With n(t_p) established, γ is calculated viaeqn (1) to be 0.07 ± 0.02 J m⁻² in Mode I and 1.5 ± 0.2 J m⁻² in Mode II. These average values are then input into eqn (1) and (2) with the average E values, R_o scaling, and n scaling to plot continuous functions of σ_a–s(t_p) and F_f–s(t_p) in each Mode (Fig. 4). These γ values, which equate to surface energies of ∼0.033 J m⁻² in Mode I and ∼0.75 J m⁻² in Mode II, are in the range of intermolecular VDW forces for the separation of carbon layers that are proposed to be governing σ_a–s in this system.^89–92 They are also consistent with previously reported surface energy values of graphitic C–C interfaces (i.e.
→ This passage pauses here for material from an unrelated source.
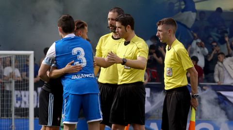 Se enrarece el ambiente en el derbi, dura entrada de Edu Expósito sobre Agus Molina, amarilla para el jugador del Dépor, es la segunda del partido.

CNTs, graphene, and graphite) in the range of 0.029–0.875 J m⁻².^{66,89,91–96} Higher γ is attributed to carbon deposition in the array with a higher sp³ carbon character, exhibiting further interactions in addition to the ideal peeling of smooth, well-ordered sp² graphitic surfaces with correspondingly lower surface energies.^54,56,96 The calculated γ values also support experimental observations, as Raman spectroscopy analysis^69,97–99 of the CNT base after array pull-off (see section S4 of the ESI†) shows that the CNTs exhibit a well-ordered, sp² graphitic wall structure in Mode I, and a more defective, turbostratic sp³ carbon structure in Mode II as carbon deposits on the outer CNT walls at long t_p.¹⁰⁰ Since the wafer surface (Fig. S4†) is expected to have a broader distribution of carbon character as compared to the CNT roots (i.e. having carbon that encapsulates the activated catalysts, covers larger iron particles and the alumina surface, and comprises residual short CNTs),^40,76,83 analysis of the CNT array roots after pull-off can provide more instructive characterization of the deposited carbon that gives rise to the adhesion evolution. Therefore, increases in σ_a–s in Mode II are likely attributed to higher R_o, E, and γ based on the sp²-to-sp³-dominated carbon evolution and deposition with t_p,^54,56,96 where significant changes in E and γ may be especially responsible for the rapid adhesion evolution following growth termination. In sum, the application of this adhesion model to our aligned CNT arrays shows that σ_a–s evolves non-monotonically with t_p and increases by an order of magnitude after growth termination, which is attributed to n decay during growth and a subsequent order-of-magnitude increase in E and γ due to carbon deposition in Mode II.

Discussion

Mechanistic insights into CNT–substrate adhesion

The CNT–substrate adhesion model is used to predict γ, σ_a–s, and F_f–s, which corroborates experimental results of iron-free CNT roots and C–C layer separation during CNT array pull-off. Since γ for CNTs with VDW-dominated adhesion is approximately constant for CNTs with more than 3 walls,¹⁰¹ and γ is assumed to be higher in Mode II only due to the increased turbostratic/disordered carbon character, γ is kept constant throughout Mode I and Mode II to represent the VDW-dominated CNT–C layer interaction as the weakest interface governing CNT–substrate separation. This carbon layer may form during the cooling process due to carbon precipitation from the iron catalyst,^81,102,103 and it may also increase in thickness after growth termination due to catalyst deactivation^39,104,105 and deposition of additional carbon during Mode II. Furthermore, since the interaction energy between C–Fe is higher (yielding γ ∼ 1.84 J m⁻² or greater)^{19,39,106,107} and this is inconsistent with our σ_a–s and γ calculations, it is proposed that the separated carbon layer at the CNT root remains on the Fe catalyst after CNT pull-off.¹⁰⁸ Still higher are the Fe–alumina interaction energies^19,82 as well as iron oxide^109,110 and iron carbide,^111,112 which would all yield γ > 2 J m⁻², exceeding the γ values here of 0.07 and 1.5 J m⁻² in Mode I and Mode II, respectively. Therefore, in contrast to previous work at short t_p (on the order of seconds, where the Fe catalyst was observed to stay attached to the CNT roots during the tensile pull-off of a microscale CNT array),²⁸ only the C–C interfaces are observed to separate in this system at moderate to long t_p, yielding a maximum σ_a–s of ∼285 kPa after 80 min of processing. Based on these results, it is plausible that additional increases in σ_a–s may be obtained via extended carbon deposition at longer t_p to further engineer the substrate adhesion strength of aligned NF arrays.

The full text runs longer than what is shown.